The medium then scours the room for his next target until an older woman in front of me claims recognition of her mother.

‘I feel like this lady was lonely before she passed over. Had she recently lost someone close and felt alone, very alone?’ asks Francis.

The woman is offended by his guess and immediately cuts him off with a terse ‘No, nope, not her.’ Francis tries to rescue the faltering connection, but to her credit this woman is having none of it and waves off the conversation off with outstretched palm and shake of her head. It takes all my willpower not to roar in laughter. The Irishman has pushed his luck and annoyed someone with his brash, unrefined style and is now floundering. 

‘Now, I’m going to the back of the room and somebody in line with where I’m standing’ says Francis.

Francis stands directly in front of me only 5 rows down. I like to think as myself as unremarkable but at 6’4 and 19 stone, in this crowd I’m about as inconspicuous as Tony the Tiger at a panda party

 ‘I’m getting an old man with facial hair and I’m trying to be polite, but he has a receding hair line, not completely bald but short, short hair. I’m seeing a figure like this in my mind’s eye. A father or grandfather figure. I’m drawn to somebody that looks likes this man. A big man who’s a bit overweight?’ says the medium.

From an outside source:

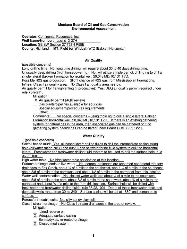 Montana Board of Oil and Gas Conservation Environmental Assessment Operator: Continental Resources, Inc. Well Name/Number: Lucille 327H Location: SE SW Section 27 T23N R55E County: Richland, MT; Field
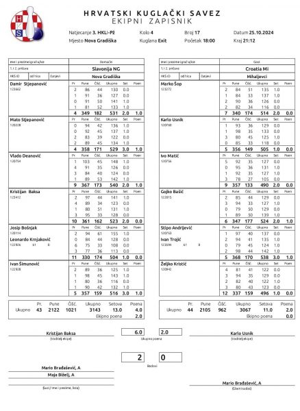 Nakon što je ekipa KK Slavonija NG u prošlom kolu uvjerljivo izgubila od ekipe KK Zanatlije SB II u Slavonskom brodu sa rezultatom 7:1 i razlikom u čunjevima 3351:3239,proteklog vikenda,25.10., pobijedila ekipu KK Croatiu Mihaljevce u 4.kolu 3.HKLI-Zona Požega i tako uzela nova dva boda na svojoj kuglani.

He is describing me: a big lump who’s long lost a battle to retain his once curly locks. Naturally, he’s assumed that I look like my long dead Grandad or my very much alive Father and tried his luck. I refuse to make eye contact or respond to his advances as I do not want to be badgered in front of a room full of strangers. Luckily, there’s one of the few men of the audience sitting directly in front of me and he accepts the connection as his father.

‘Now, do you recognise the description of this man?’ asks Francis.

‘Yes, although my father was always clean shaven,’ answers the man.

‘Ok, now did he have heart problems near the end?’

‘Well, not really. He died of an aneurism.’

‘Well, maybe I’m getting mixed messages from the spirits.’

The swamp water is now up to the medium’s nostrils, so he grasps for help and returns to the quartet of eager participants in the second row, he’s on safe ground with one of this crew.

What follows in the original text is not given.